Стоит ли говорить, что отец отказался ехать в больницу, пока Зази не вернулся в свой загон? К тому времени полотенце, которое он использовал как самодельный бинт, пропиталось кровью, и обезумевший директор школы, который повез нас назад в парк, настоял на том, чтобы отец поехал в травмопункт. Там — здесь! — ему пришлось наложить пятнадцать швов. Но не успели мы вернуться, как отец отправился в загон, где жили Нодах, Кина и Кита — три волка, которых мы взяли щенками и выкормили, стая, где мой отец играл роль волка-диффузора.

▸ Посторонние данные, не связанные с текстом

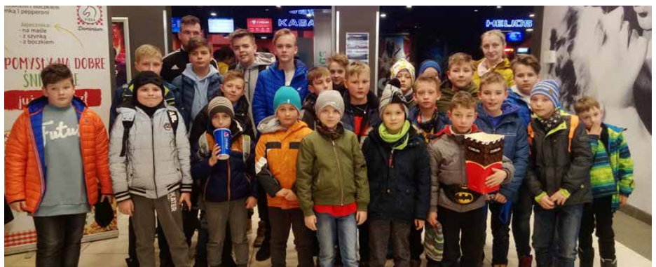
Młodzi piłkarze obejrzeli w kinie „Jak wytresować smoka 3”

Na koniec każdy otrzymał pamiątkowy dyplom. Młodzi piłkarze rozstali się z uśmiechami na twarzach, by zaraz po feriach rozpocząć treningi i przygotowania do wiosennej rundy ligowej. GOK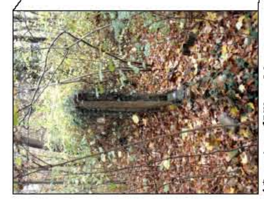
13 m baufällige Mauer abbrechen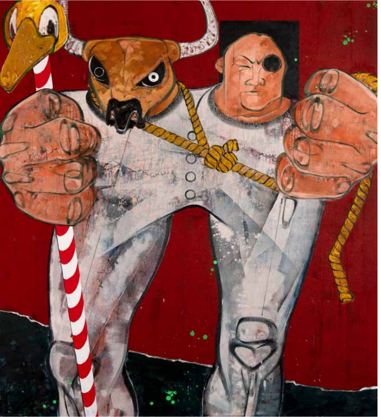
İsimsiz | Untitled, 2019 Tuval üzerine karışık teknik Mixed media on canvas 160 x 140 cm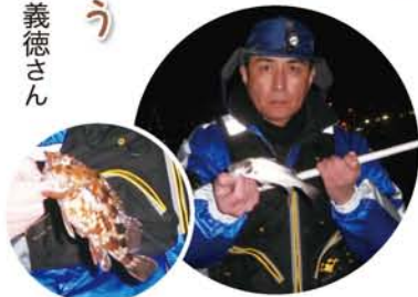
1月14日夜、寒い中アオイソメでの夜の落としこみ釣りをやってみました。2時間ほどでカサゴ(ガシラ)15~20cmを12匹、セイゴ(スズキの幼魚)を3匹。この時期としてはまずまずの釣果でした。

淀川区にとつてその名の通り身近な淀川は、大きくて水量も多く、大阪市の大切な水源となっています。少し上流の淡水域ではコイ、フナ、ソウギョ、ブラックバスなどが釣れ、アユも帰ってくるようになりました。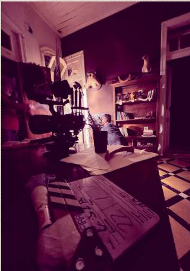
Audiovisual de Baixo Orçamento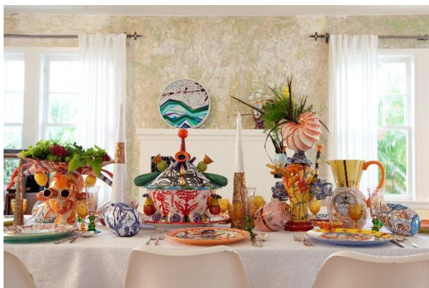
Mesa del comedor

Leiva es conocido por sus exuberantes esculturas y pinturas. Pero es más conocido aún por sus fantasmagóricas creaciones de cerámica. Animales y vegetales, formas abstractas, carruajes voladores y cabezas humanas se transforman en cerámica en una explosión de colores primarios grabados en plata y oro. Como una botella de Klein o una tira de Möbius, su mundo imaginativo se despliega ante nosotros en infinitos reinos. Muy gestual, orgánico o geométrico, Leiva presenta una serie de arquetipos en sus emblemas de vuelo, seguridad y deleite.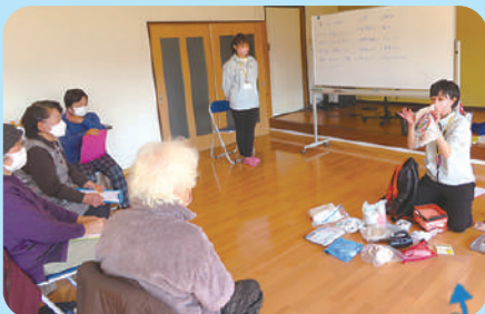
支援員が実際に自宅で保管している防災リュックの中身を紹介！

1月下旬に起きた震度5強の地震。これまでにない激しい揺れに恐怖を感じるとともに、改めて災害に対する備えの重要性を感じたのではないのでしょうか。そこで今回は、防災リュックの紹介と、避難所で行われる足湯の体験をしました。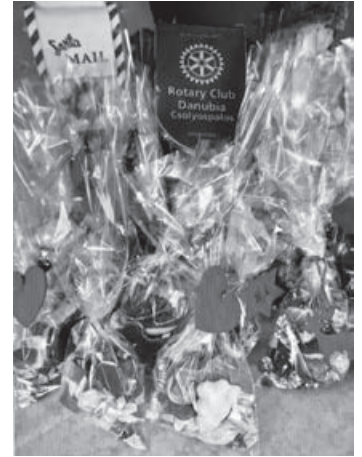
Gyermekvédelmi lakásotthon Ópusztaszer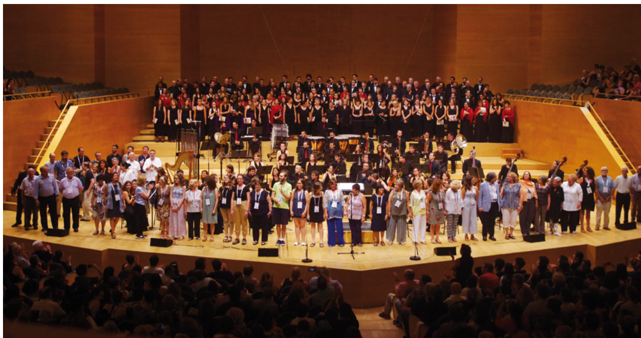
Ceremonia de reconocimiento a los voluntarios del Simposio durante el concierto de clausura (Auditorio de Barcelona, 29 de julio)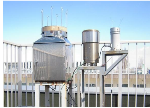
定時降下物採集装置(日間) 直径 30cm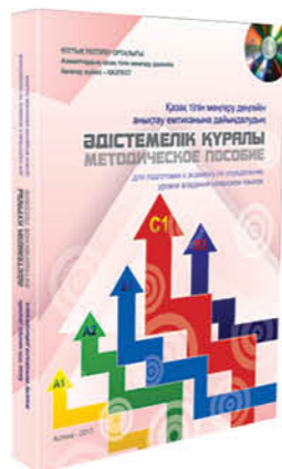
ҚАЗТЕСТ-КЕ ДАЙЫНДАЛУҒА АРНАЛҒАН ӘДІСТЕМЕЛІК ҚҰРАЛЫ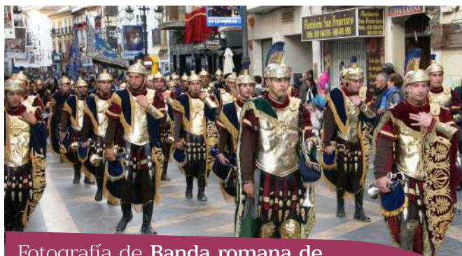
Fotografía de Banda romana de trompetas y tambores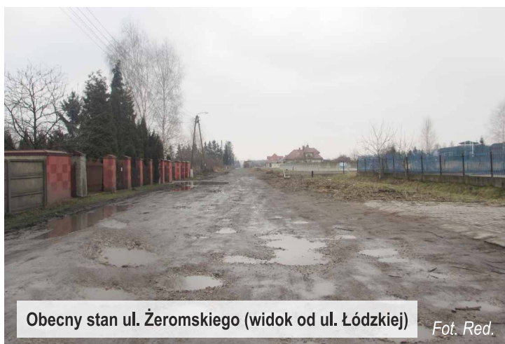
Obecny stan ul. Żeromskiego (widok od ul. Łódzkiej)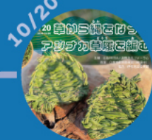
【第3回】 草から縄をなつて アシナカ草履を編む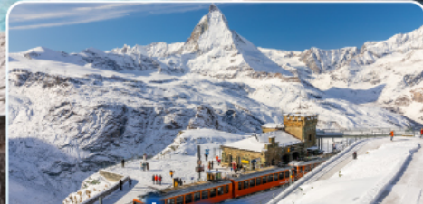
นั่งรถไฟสู่ยอดเขา กรอนเนอร์เกรต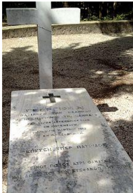
Εικ. 13. Ο τάφος του Γεωργίου Α΄, Τατόι.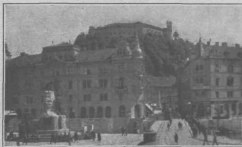
Ljubljanski Grad z Marijinega trga

Koroški vojvoda Ulrik III. je posedoval grad leta 1260. in ga leto pozneje odstopil oglejskemu patrijarhu Gregorju. Pozneje je prešel v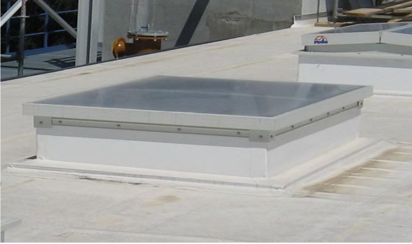
Table 1 פתיחה חשמלית לאוורור טבעי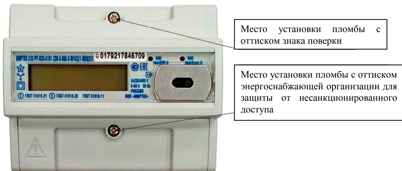
Рисунок 5 - Общий вид счетчика и схема пломбировки от несанкционированного доступа в корпусе типа D33

Я стояла у цепного забора, наблюдая, как Нодах кувыркается с моим отцом. Он тут же содрал зубами бинт. Потом Кина начала вылизывать рану. Я знала, что она сорвет швы, и была совершенно уверена, что именно на это отец и надеется. Он рассказывал мне о том времени, когда жил в дикой природе, как иногда во время охоты получал раны, потому что его кожа не имела той защитной шерсти, которой покрыты его братья и сестры волки. Когда это таки случалось, волки вылизывали рану, пока она вновь не открывалась. Отец уверовал в то, что какой-то компонент в их слюне лечебный. Несмотря на то что спал он в грязи, об антибиотиках даже мечтать не приходилось, за два года, проведенных в лесу, раны ни разу не воспалились, а наоборот — заживали в два раза быстрее. Когда Кина лизнула рану глубже, отец несколько раз поморщился, но порез наконец перестал кровоточить, и отец вышел из загона. Мы стали взбираться на холм, к своему трейлеру. «До чертиков ненавижу больницы», — объяснил он в свое оправдание.